§ **Stored data**

* * *

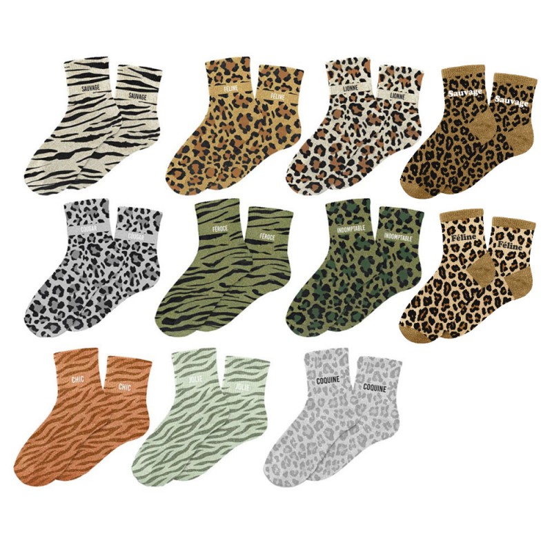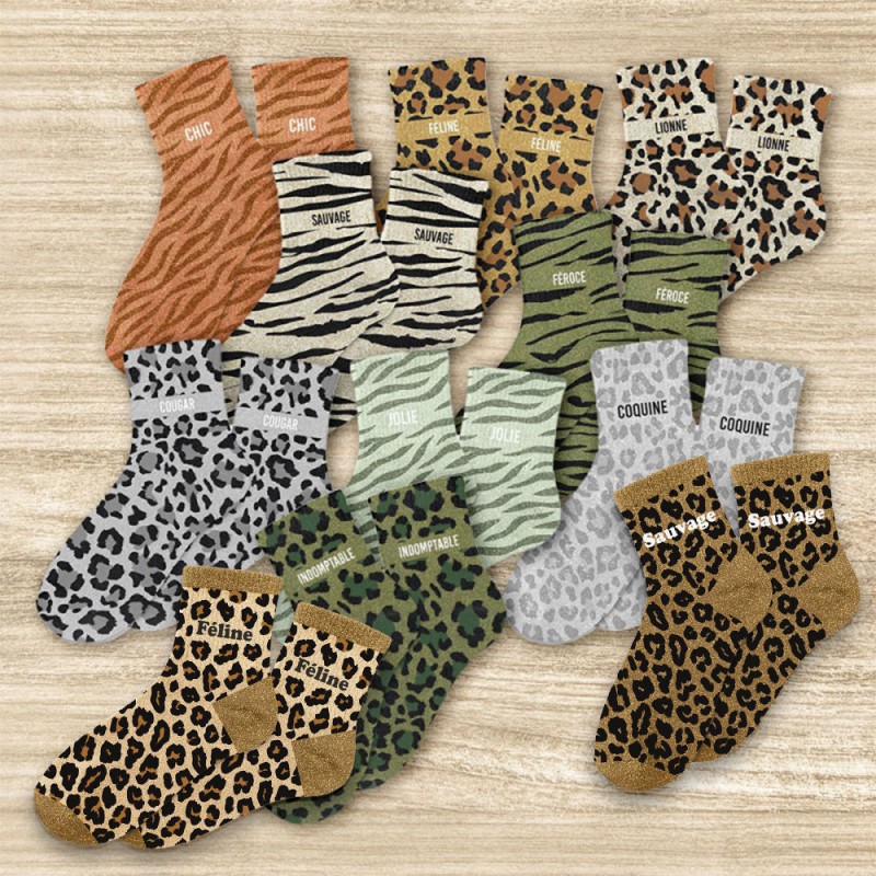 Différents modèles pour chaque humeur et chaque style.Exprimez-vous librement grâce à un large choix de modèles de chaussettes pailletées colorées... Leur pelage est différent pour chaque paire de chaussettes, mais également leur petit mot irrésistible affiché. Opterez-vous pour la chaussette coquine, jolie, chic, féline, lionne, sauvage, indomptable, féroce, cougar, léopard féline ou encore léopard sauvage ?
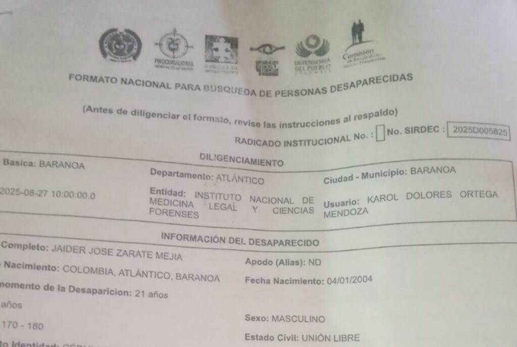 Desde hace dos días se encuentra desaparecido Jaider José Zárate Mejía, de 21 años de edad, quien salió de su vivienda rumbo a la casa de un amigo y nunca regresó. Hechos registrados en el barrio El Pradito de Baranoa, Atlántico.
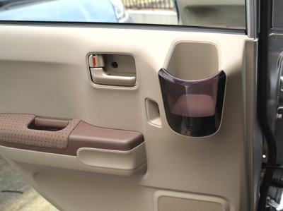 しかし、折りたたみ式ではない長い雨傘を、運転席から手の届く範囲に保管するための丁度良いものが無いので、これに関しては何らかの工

* * *

Copy out the lines above in full and unaltered, apart from the pictures.

§ **Response to this exercise**
 Différents modèles pour chaque humeur et chaque style.Exprimez-vous librement grâce à un large choix de modèles de chaussettes pailletées colorées... Leur pelage est différent pour chaque paire de chaussettes, mais également leur petit mot irrésistible affiché. Opterez-vous pour la chaussette coquine, jolie, chic, féline, lionne, sauvage, indomptable, féroce, cougar, léopard féline ou encore léopard sauvage ?
 Desde hace dos días se encuentra desaparecido Jaider José Zárate Mejía, de 21 años de edad, quien salió de su vivienda rumbo a la casa de un amigo y nunca regresó. Hechos registrados en el barrio El Pradito de Baranoa, Atlántico.
 しかし、折りたたみ式ではない長い雨傘を、運転席から手の届く範囲に保管するための丁度良いものが無いので、これに関しては何らかの工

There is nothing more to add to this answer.